We will create a separate branch definition for each of these variations. The coef card will then allow us to apply one or more of the branch variations at the same time. Let's start with the fuel temperature branches:

We'll name our fuel temperature branches as lowFuelTemperature and highFuelTemperature. Since we need to modify the temperature of some existing materials for the branch, we will use the stp option in the branch card to achieve this. The stp option takes as its argument, the name of the material whose temperature and/or density is modified, the new material density and the new material temperature. We need to remember to modify the temperatures of both fuel materials, the one with burnable gadolinium and the one without. The fuel temperature branches are quite simple to write:

% --- Fuel temperature branches:

%     We'll use the "stp" option in the branch card to modify the
%     temperature and density of the material.

branch lowFuelTemperature
stp fuelNoGad  -10.3070 600
stp fuelYesGad -10.3070 600
var TFU 600

branch highFuelTemperature
stp fuelNoGad  -10.3070 1200
stp fuelYesGad -10.3070 1200
var TFU 1200

Only the temperature of the fuel is different in these branches. The density is kept at the nominal value of 10.370 g/cm3. We have also used the var option for the branch card. The var option does not make any variations itself. Instead, it makes possible to pass a named variable (here TFU) to the group constant output along with an associated value (here 600 or 1200). This allows our post processing script to read in the value of TFU (i.e. the fuel temperature) that corresponds to each branch from the group constant output and we don't have to manually give that value to the post processing script. The names of the variables as well as their values can be freely chosen by the user.

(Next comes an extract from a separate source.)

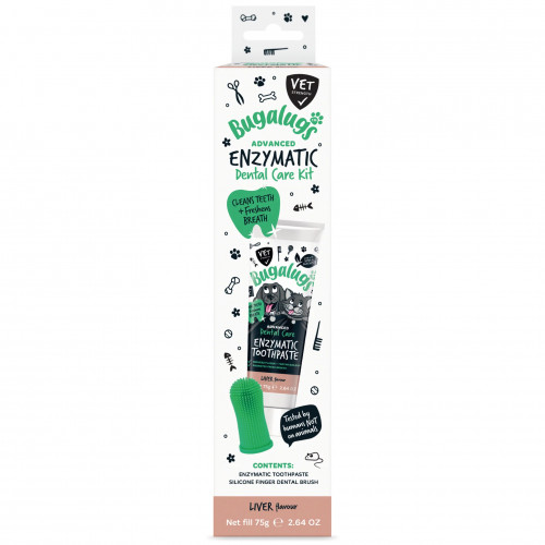 Bugalugs Enzymatic Dental Care Kit 75g - enzymatická zubná pasta so silikónovou kefkou na prsty pre psy a mačky
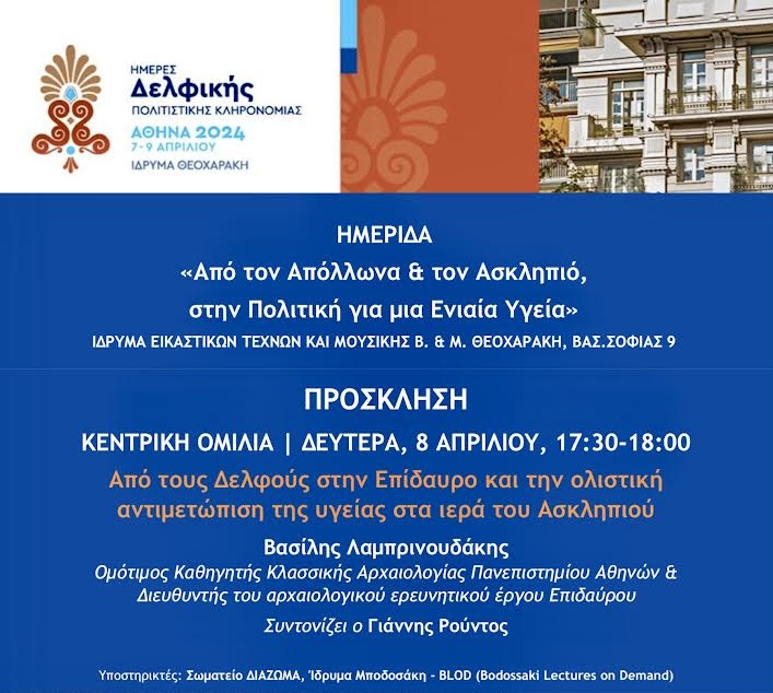 Οι εκδηλώσεις του θεσμού “Ημέρες Δελφικής Πολιτιστικής Κληρονομιάς 2024”, που θα αναπτυχθούν κατά το τριήμερο 7, 8 και 9 Απριλίου, εφέτος εστιάζουν στην στην Υγεία. Κατά τη δεύτερη ημέρα, κεντρική είναι η παρουσίαση του θέματος “Από τους Δελφούς στην Επίδαυρο και την ολιστική αντιμετώπιση της Υγείας στα ιερά του Ασκληπιού” από τον Βασίλη Λαμπρινουδάκη, ομότιμο καθηγητή Κλασσικής Αρχαιολογίας του Πανεπιστημίου Αθηνών και Διευθυντή του αρχαιολογικού ερευνητικού έργου στην Επίδαυρο.

The coolant temperature branches are not much more difficult than the fuel temperature ones. The only difference is that as our coolant contains a bound scatterer (hydrogen-1 in light water) that was associated with thermal scattering libraries in the material definition (with the moder option), we need to supply three additional parameters to the stp card. These options are

  • The name of therm card associated with the material.
  • Name of a data library at temperature below or equal to the given value.
  • Name of a data library at temperature above or equal to the given value.

Using this syntax, we can write our coolant temperature branches:

% --- Coolant temperature branches:

%     We'll use the "stp" option in the branch card to modify the
%     temperature and density of the material. Since the water material
%     has a thermal scattering library linked to it, we'll also provide
%     the correct bracketing thermal scattering libraries for the
%     branch temperature

branch lowCoolantTemperature
stp water -0.76105 555 lwtr lwj3.09t lwj3.11t
var TCO 555

branch highCoolantTemperature
stp water -0.67570 595 lwtr lwj3.11t lwj3.13t
var TCO 595

Here we again use the var option to pass the TCO 555 and TCO 595 information to the group constant output. Now we have defined all of our branch variations and the only thing remaining to do is to define the coefficient matrix that tells Serpent at which depletion points and branch variations the group constants are generated.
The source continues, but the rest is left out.